Not treated onsite silver-rich photo processing waste waters or hauled offsite for silver recovery are subjected to full regulation as hazardous wastes.
Used X-ray fixer solutions can be hauled offsite for treatment and recycling to an environmental protection agency licensed recycling facility. For offsite recycling, the generator should be collected and stored the used fixer solution in a labeled closed plastic container. The label affixed to the container should indicate the contents – “Silver-containing Used Fixer-To Be Recycled” and include the accumulation start date.
Developer and fixer solutions should not be mixed. Waste developer may be flushed down the drain, as long as the pH of the solution does not exceed the pH standard of the local sanitation agency. Caustic solutions (developer) with a pH greater than the local pH limit should not be discharged down the sanitary sewer. Nonchromium-containing cleaners which can be discharged into the sanitary sewer are advised to clean X-ray developing systems. Otherwise, the waste must be handled as hazardous waste, requiring proper collection, labeling, and disposal.
Chemicals, disinfectants, and sterilizing agents[16],[17]

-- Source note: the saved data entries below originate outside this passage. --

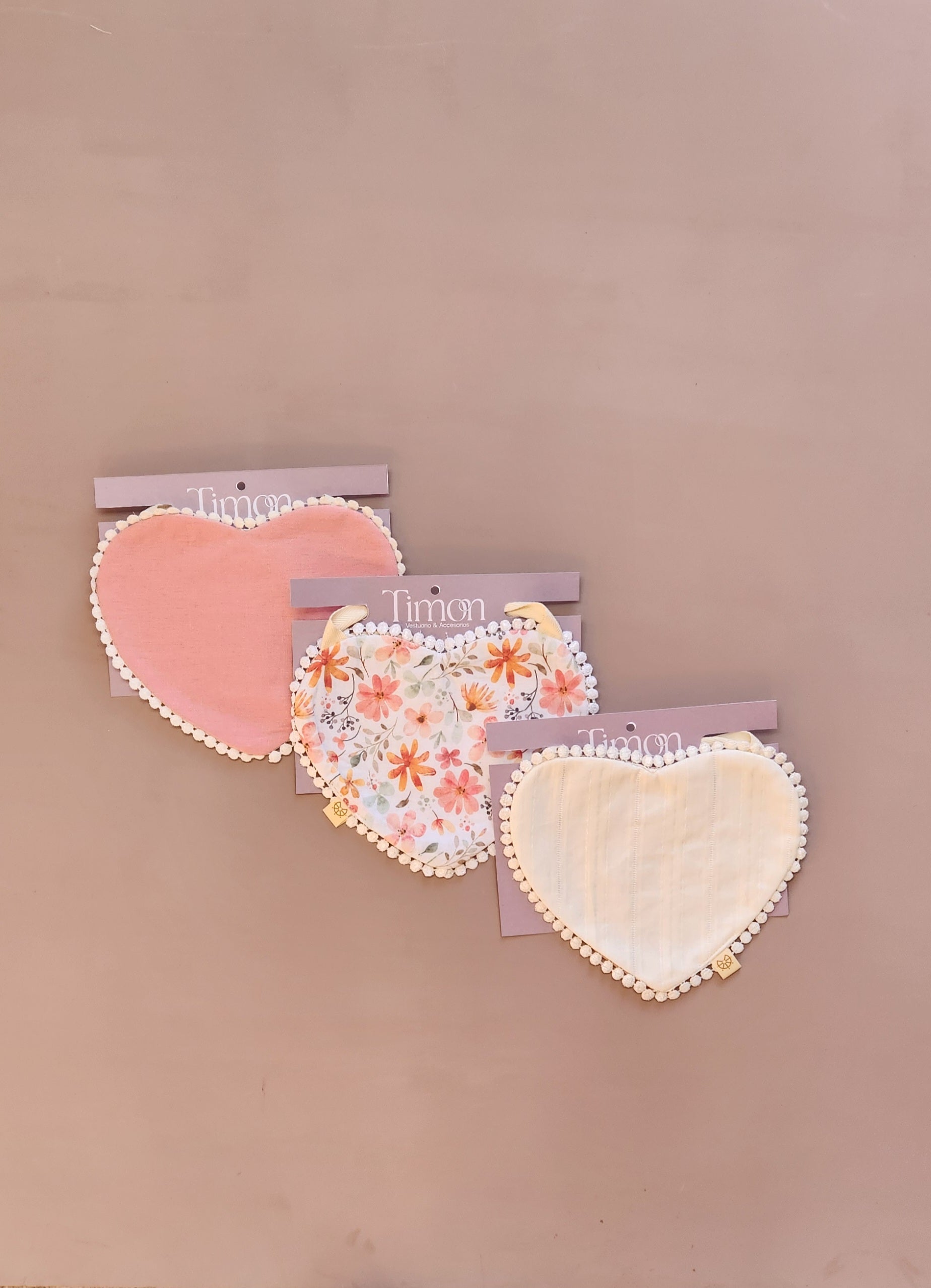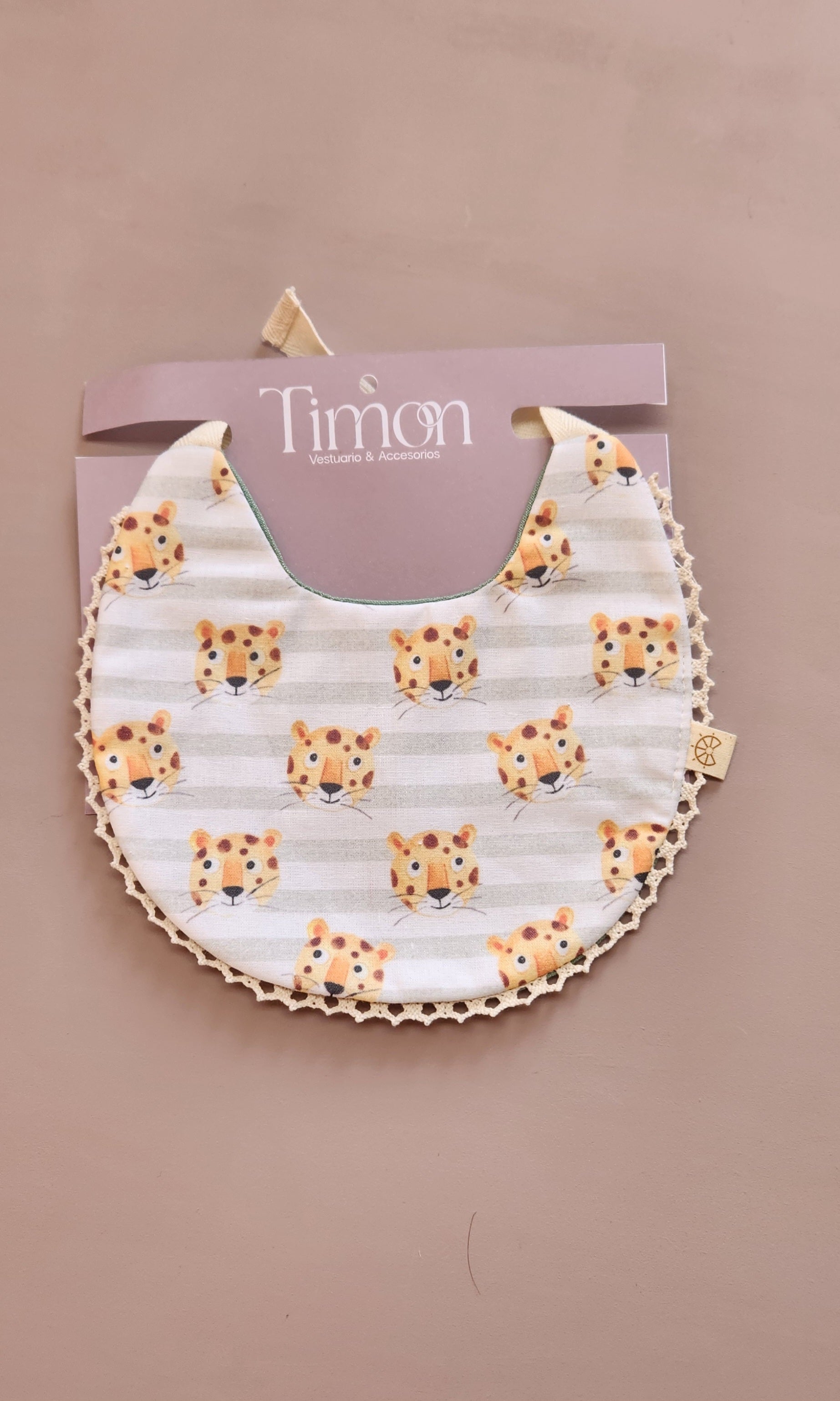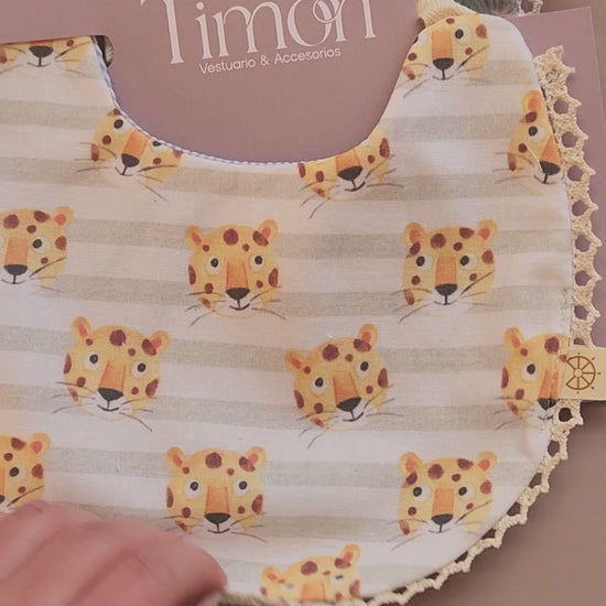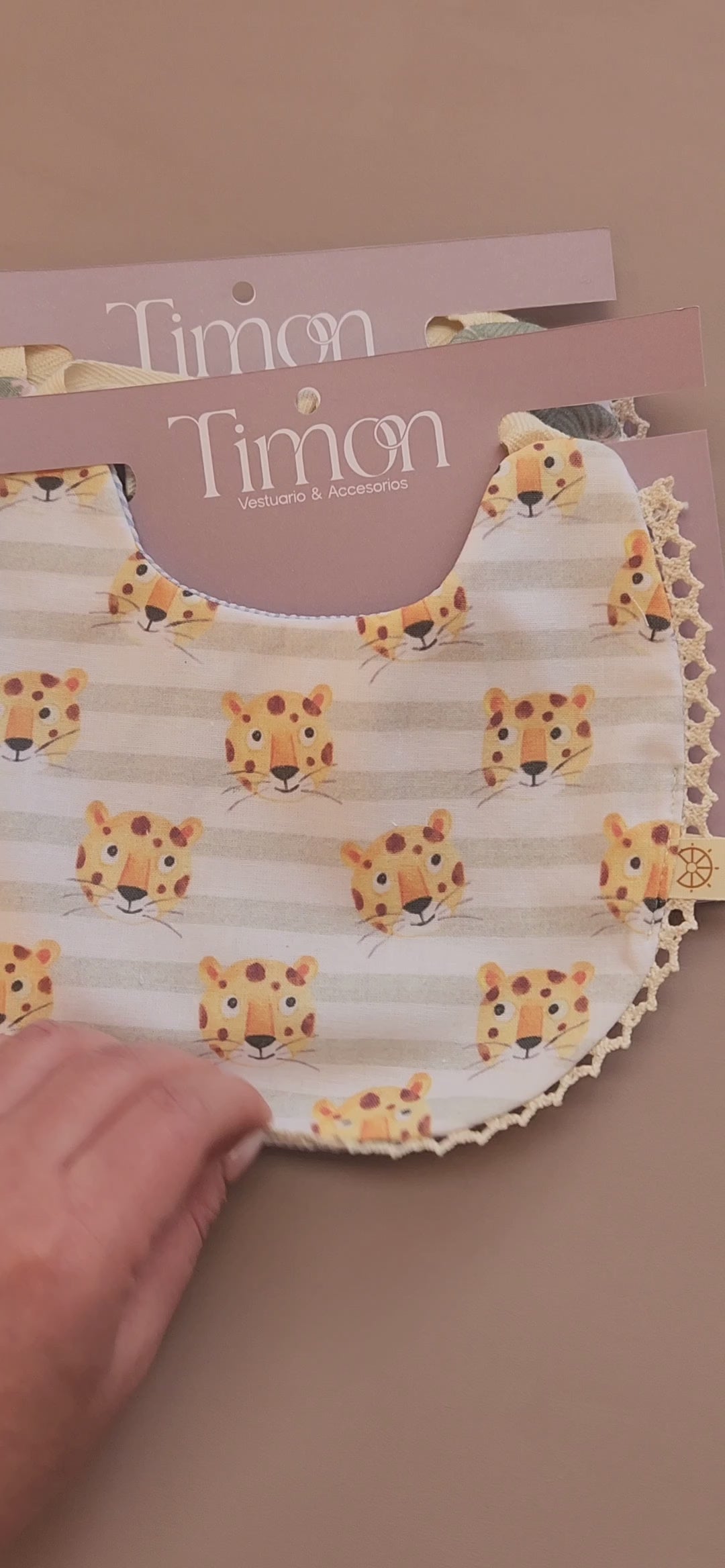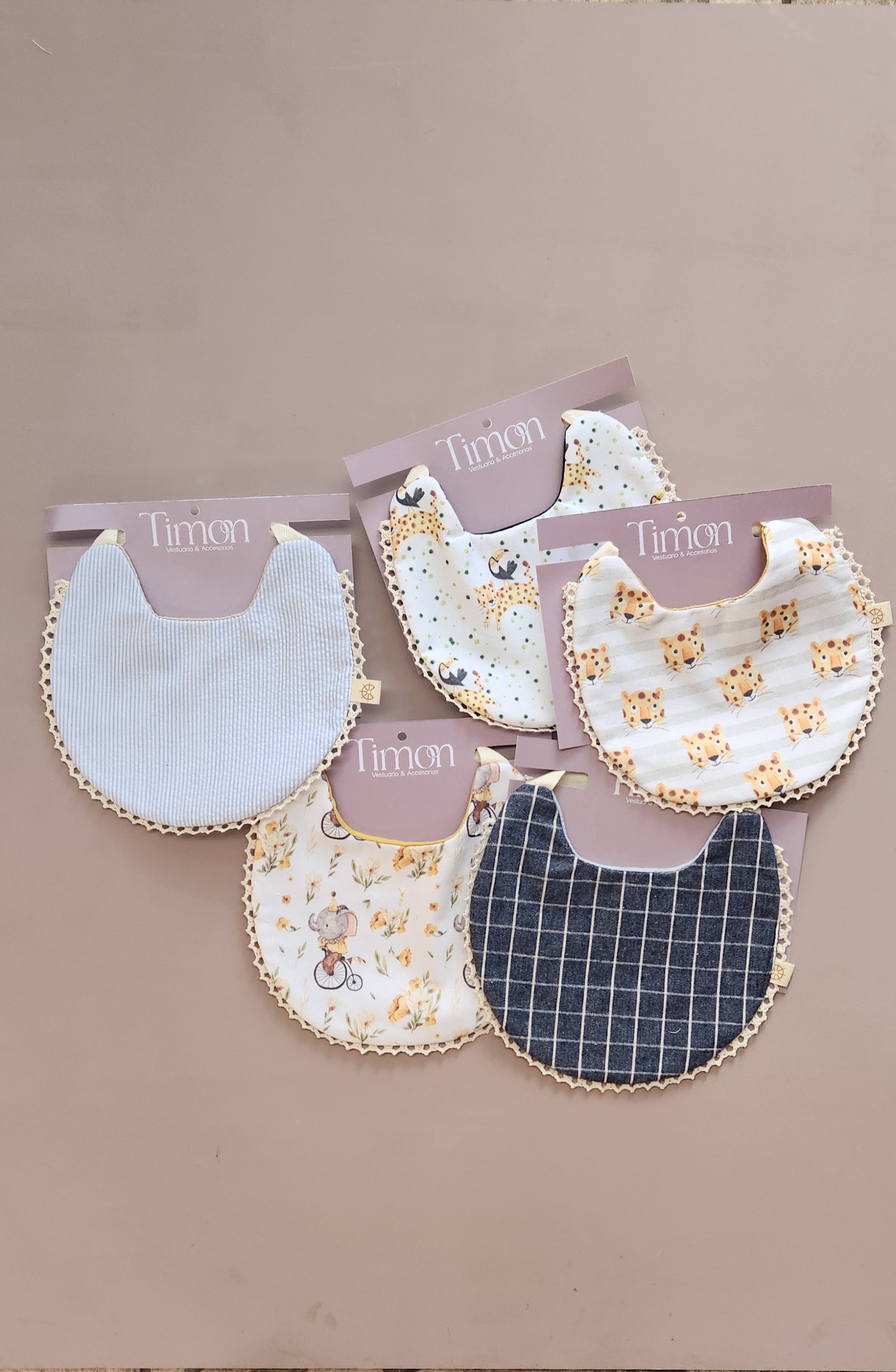 Baberos reversibles (tiene un color o estampado distinto en cada cara) un bolillo de pelotitas color blanco invierno por el contorno en caso de babero corazon. Y bolillo tejido en el caso de baberos redondos
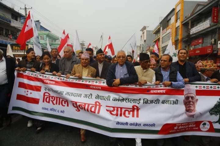 शुक्रबार अपरान्ह साढे चार बजे सभापति देउवा, वरिष्ठ नेता पौडेलसहितका नेताहरु पोखराको चिप्लेढुंगाबाट भएको चुनावी प्रदर्शनमा सहभागी भएका थिए ।
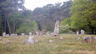 Alle 20 Minuten kam ein Zug, sodass wir nach rund einer Stunde wieder einstiegen und nun zu den Mehiren fuhren.Die 7000 Jahre alten Steinreihen von Carnac sind als Zeugnis der europäischen Vorgeschichte in der ganzen Welt bekannt. Das Besondere an den Megalithen von Carnac ist ihre unglaubliche Anordnung in gleichmäßig angelegten Reihen. Allein die beiden wichtigsten Stätten, Ménec und Kermario, zählen etwa 3000 Menhire. Die Steinreihen ziehen sich über fast 4 Kilometer. Mit dem Zug fuhren wir die ganze Strecke ab. Es war beeindruckend.
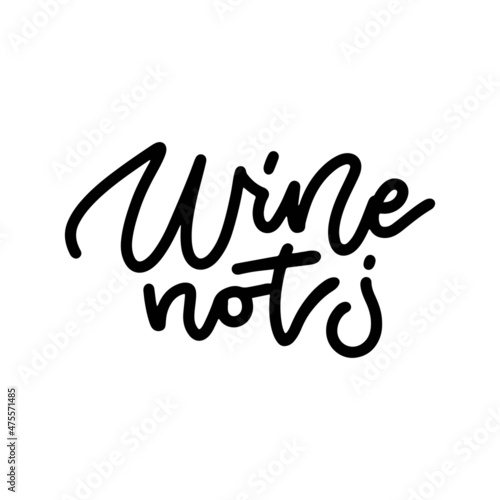 Wine not phrase - linear black vector illustration. Modern line calligraphy. Lettering quote Isolated on white background.
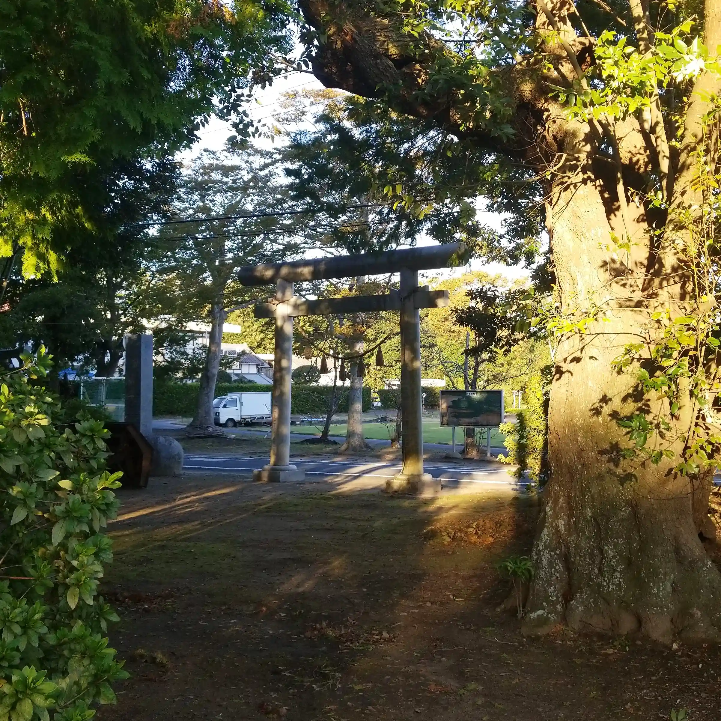 北浦の側に鎮座する熊野神社にお邪魔しました。台風一過の翌日にお礼参りしたのですが、手水舎の屋根が外れていました。
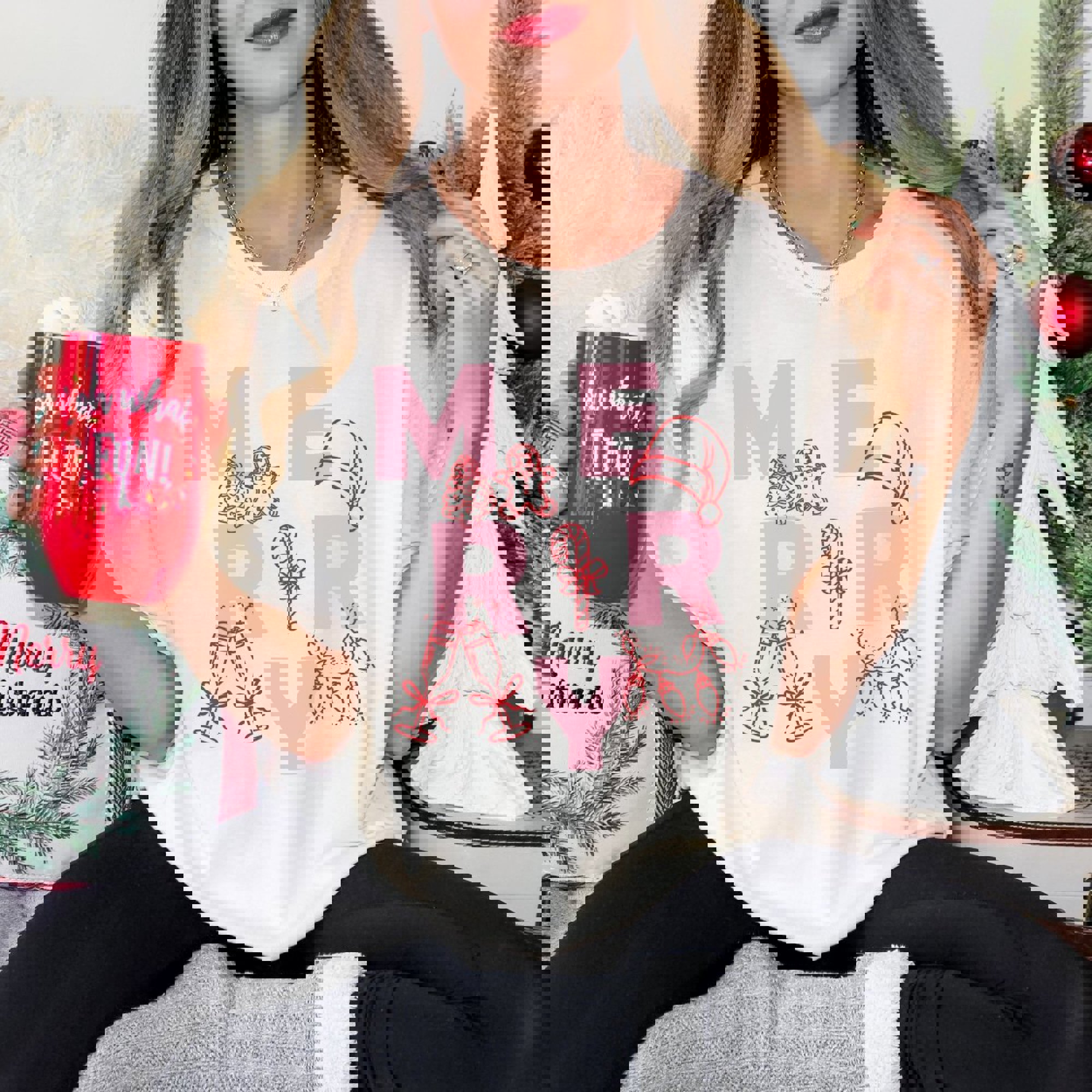 Merry Sketch Christmas Icons Comfort Color Graphic Tee
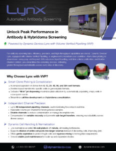 Automated Antibody ScreeningFebruary 9, 2026|By rchipp Unlock Peak Performance in Antibody & Hybridoma Screening Powered by Dynamic Devices Lynx with Volume-Verified Pipetting (VVP) Download Categories: Applications, Cellomics, Clone Selection & Expansion, Lynx PrevNext
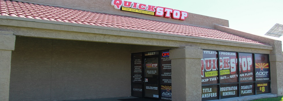 Quick Stop Title and Registration is a Government Convenience company that is contracted with multiple State and Federal agencies to provide you the same services without the wait and unfriendly customer service. We are here to service our customers with the highest level of professionalism while getting you in-and-out in minutes. You can get all of the same services that you could get at the ADOT/MVD offices. There is a small convenience fee that varies depending on what type of transaction is being processed (ranges $3 to $35) in addition to the fee's declared by the State or Federal agency. If your time is money, save time and come in today to get your Travel ID, Drivers License, license plates, titles, registrations, placards, and many more services over the counter, and QUICK.
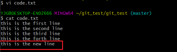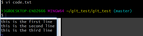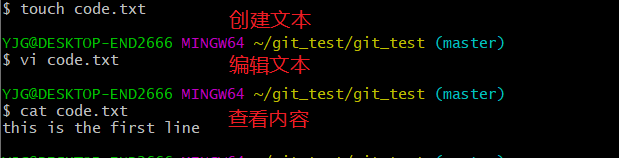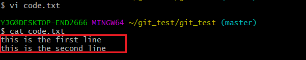 (1)在git_test目录下创建一个文件code.txt,编辑内容如下:

The use of sterilizing agents is increased due to pandemic. Moreover, chemicals used in dentistry may negatively impact the environment and human health. Using less harmful alternatives, cleaning methods and/or surface barriers can reduce the impact on the environment and the need for special handling of waste in the dental practice. Used cleaning or disinfectant solutions should be stored in labeled, sealed, and leak-proof containers in a secure location that prevents their accidental falling and drain into any sanitary sewer, septic system, or storm drain. As per the guidelines for chemical waste management, if any chemical has a pH ≤6.0 or ≥10.5, municipality should be contacted for disposal guidance. Similarly, for formaldehyde and/or formalin, glutaraldehyde, ammonia, or phenols containing solutions and detergent containing nonylphenol ethoxylates, municipality should be contacted for disposal guidance. Pharmaceutical wastes such as unused drugs and narcotics should be discarded through an approved waste carrier.[16],[17]
Medical waste
Sharps (hypodermic needles, blades, and syringes) and biohazardous wastes make up-regulated medical waste (e.g. laboratory wastes, solid wastes covered with blood, or other potentially infectious materials and pharmaceuticals). Sharps should be stored in a puncture-resistant, leak-proof container designed exclusively for sharps disposal. A sharps container should be located in each operatory and the sterilization lab (provided by BMW disposal vendors) and should be labeled as “biohazard waste sharps.” These are permanently sealed in the container (when full) and picked up by a BMW disposal vendor for proper disposal.
Other types of BMW including soiled rubber gloves, used swabs, and other blood or body fluid-saturated items should be separated from waste sharps, placed in a red bag that is labeled as “biohazard,” and should be stored in a rigid leak-proof container. [13]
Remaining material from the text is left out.